Exercise objective
Give back exactly the lines from the start of the entries below to the line holding "Belltoile™ Siyah U Yaka Düğmeli Örgü Atlet", that line included, and leave every picture out.

The records
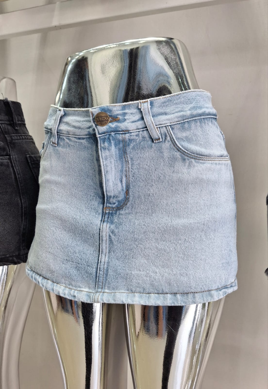 SKY | SKORT RIGIDO CELESTE NEVADO CORTA TIRO BAJO TALLES 34 AL 46 H-REINA
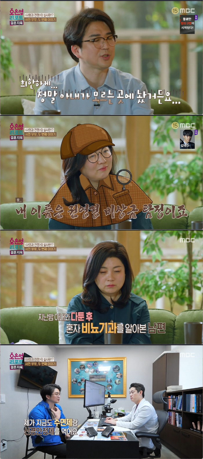 홍승범은 "'당신 사고난 뒤에 약 먹어서 그러는 거 아냐?' 했는데 그 이후부터 아내만 보면 '또 못하면 어떡하지?' 싶어서 무서웠다. 그러다 각방을 쓰게 됐고 자연스럽게 멀어졌다"라 고백했다. 결혼 전 8년 간 권영경을 짝사랑 했던 홍승범이었지만 너무도 싶어진 갈등.
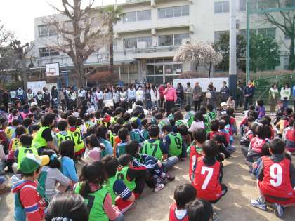 高学年チームと低学年チームに分かれて世田谷小、経堂小、笹原小、桜ケ丘小の4校の対抗戦でした。
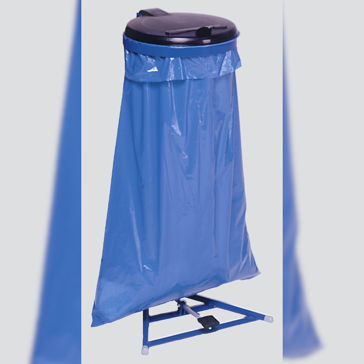 PROREGAL Robuster Müllsackständer mit Fußpedal | 120 Liter, HxBxT 100x49x49cm | Stahl | Blau-Schwarz | Mülleimer Abfalleimer Müllkorb
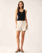Belltoile™ Siyah U Yaka Düğmeli Örgü Atlet
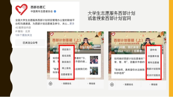 首先,朱志乐老师为2020级全体同学介绍了“西部计划”政策概况,解读了大学生志愿者参与“西部计划”的意义,详细讲解了今年西部计划的服务内容,即涵盖了乡村教育、服务乡村建设、健康乡村、基层青年工作、乡村社会治理、服务新疆、服务西藏等7个专项的光荣使命。同时,同学们共同学习了本次“西部计划”的招募选拔流程、志愿者选拔规则、志愿者报到时间、服务岗位录取以及岗位调整、在服务期间的生活保障等。线上会议邀请了西部计划志愿者2018级张瑶与邢李佳同学,两位同学结合自身经历,从服务地区的神奇景色到工作单位的工作内容,畅谈了作为西部计划志愿者的所感所悟,向2020级毕业生们发出邀请,并进行了线上答疑。
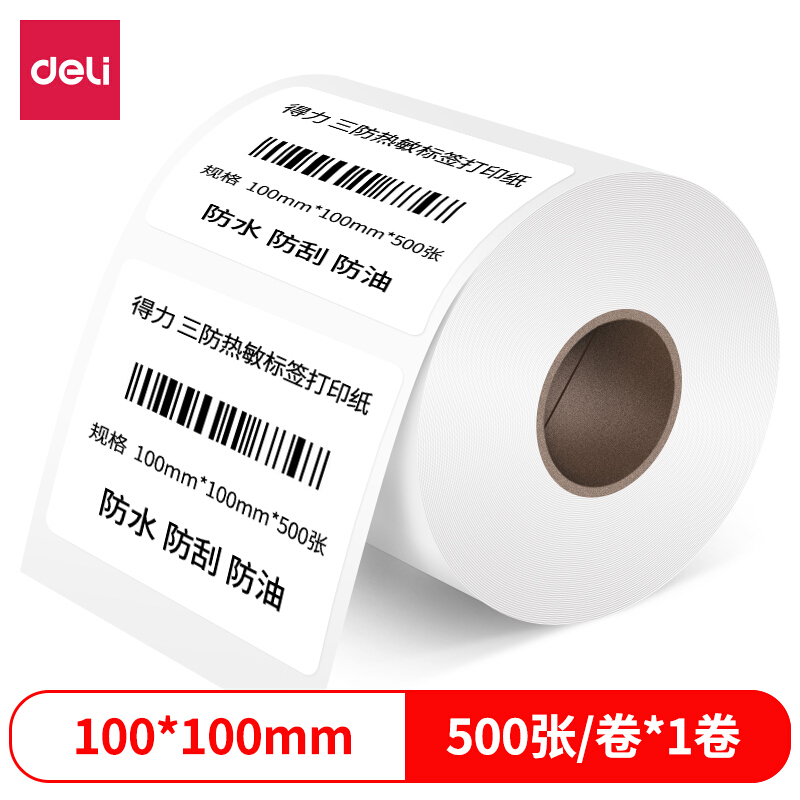 得力(deli)100*100mm三防热敏标签打印纸电子面单不干胶打印纸500张*1卷12001
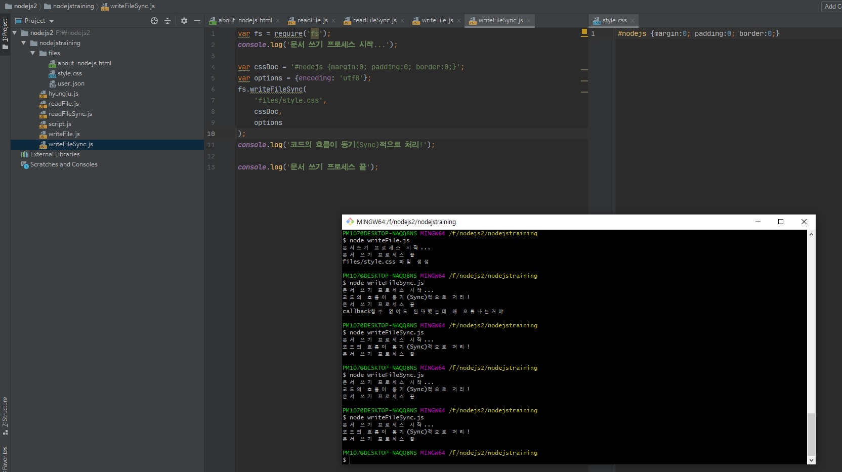 console.log('코드의 흐름이 동기(Sync)적으로 처리!');
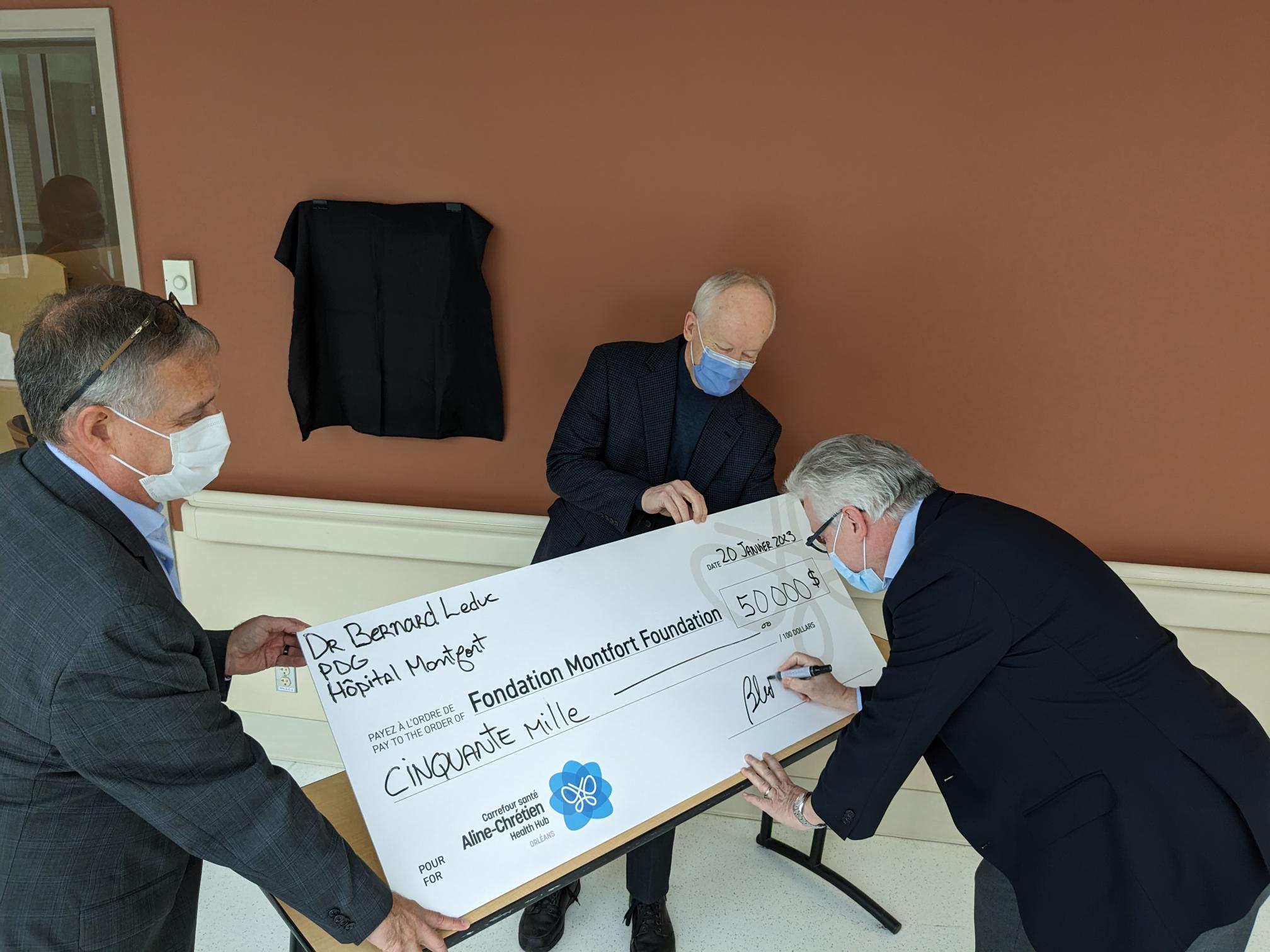 On September 9, 2021, Dr. Bernard Leduc made a pledge to the Montfort Foundation to donate $50,000 to the fundraising campaign for the construction of the Hub, an important project that he believes will greatly improve the quality of health care services in the region.

The completed task
 SKY | SKORT RIGIDO CELESTE NEVADO CORTA TIRO BAJO TALLES 34 AL 46 H-REINA
 홍승범은 "'당신 사고난 뒤에 약 먹어서 그러는 거 아냐?' 했는데 그 이후부터 아내만 보면 '또 못하면 어떡하지?' 싶어서 무서웠다. 그러다 각방을 쓰게 됐고 자연스럽게 멀어졌다"라 고백했다. 결혼 전 8년 간 권영경을 짝사랑 했던 홍승범이었지만 너무도 싶어진 갈등.
 高学年チームと低学年チームに分かれて世田谷小、経堂小、笹原小、桜ケ丘小の4校の対抗戦でした。
 PROREGAL Robuster Müllsackständer mit Fußpedal | 120 Liter, HxBxT 100x49x49cm | Stahl | Blau-Schwarz | Mülleimer Abfalleimer Müllkorb
Belltoile™ Siyah U Yaka Düğmeli Örgü Atlet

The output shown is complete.